2. Almost certainly the Abbate turned art dealer Luigi Celotti (1759–1843), although not among the cuttings by Master B.F. in the Christie’s sale of Celotti miniatures of 26 May 1825.

3. William Young Ottley (1771–1836); sale, Sotheby, 11 May 1838, apparently lots 79 (iii), 92 (ii), and 101 (i; one of two initials in the lot).

4. Robert Stayner Holford (1808–1892), art and plant collector and reputedly the richest commoner in England. ‘Holford began to collect works of art in 1839 and became one of the most distinguished collectors of his time, with an enthusiasm for the Italian Renaissance. The diarist A.N.L. Munby described him as “a collector with an eye for quality and the means to indulge it without stint”. No doubt in tribute to the superb quality of his illuminated manuscripts and early printed books, he referred to Holford as the “Ideal Connoisseur”’ (ODNB).

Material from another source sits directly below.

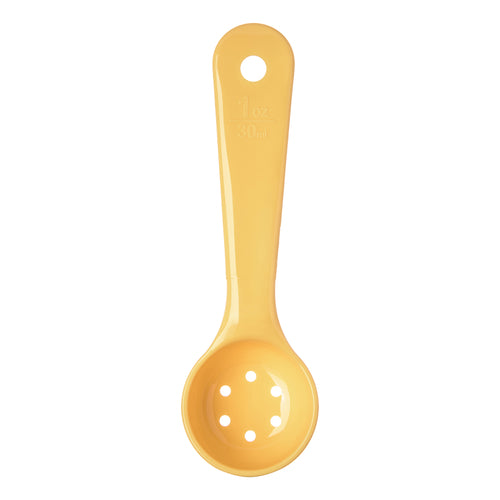 Measure Miser® Portion Spoon, 1 oz., perforated, short handle, flat bottom, resting notch, dry heat-resistant to 270° F, break-resistant, dishwasher safe, acetal, yellow, NSF, BPA free

5. Sir George Holford (1860–1926); sale, Sotheby, ‘The Holford Library. Part I. Catalogue of the magnificent series of illuminations on vellum’, 12 July 1927, lot 33, bought by the collector, dealer, and forger Felix Joubert (1872–1953).

6. Sotheby, ‘Fine Western and Oriental Manuscripts and Miniatures’, 7 December 1953, lot 22 (‘the property of a lady of title’), where bought by the dealer Francis Edwards (against Maggs).

7. John Percival Love (1896–1974), Chairman of Francis Edwards; thence by descent.

References:
See G.M. Canova, Miniature dell’Italia settentrionale nella Fondazione Giorgio Cini, 1978; M. Carminati, Codici miniate del Maestro B.F. a Casorate Primo, 1995; A. de Floriani in F. Todini, ed., Museo Civico Amedeo Lia. Miniature, 1996, pp. 92-4, no. 18; P.L. Mulas in Enluminures italiennes. Chefs-d’oeuvre du Musée Condé, 2000, pp. 59-60, no. 15; J. R. Tannis, ed., Leaves of Gold. Manuscript illuminations from Philadelphia collections, 2001, pp. 179-81, no. 62; and P. Palladino, Treasures of a lost Art (2003), pp. 142-3, no. 70.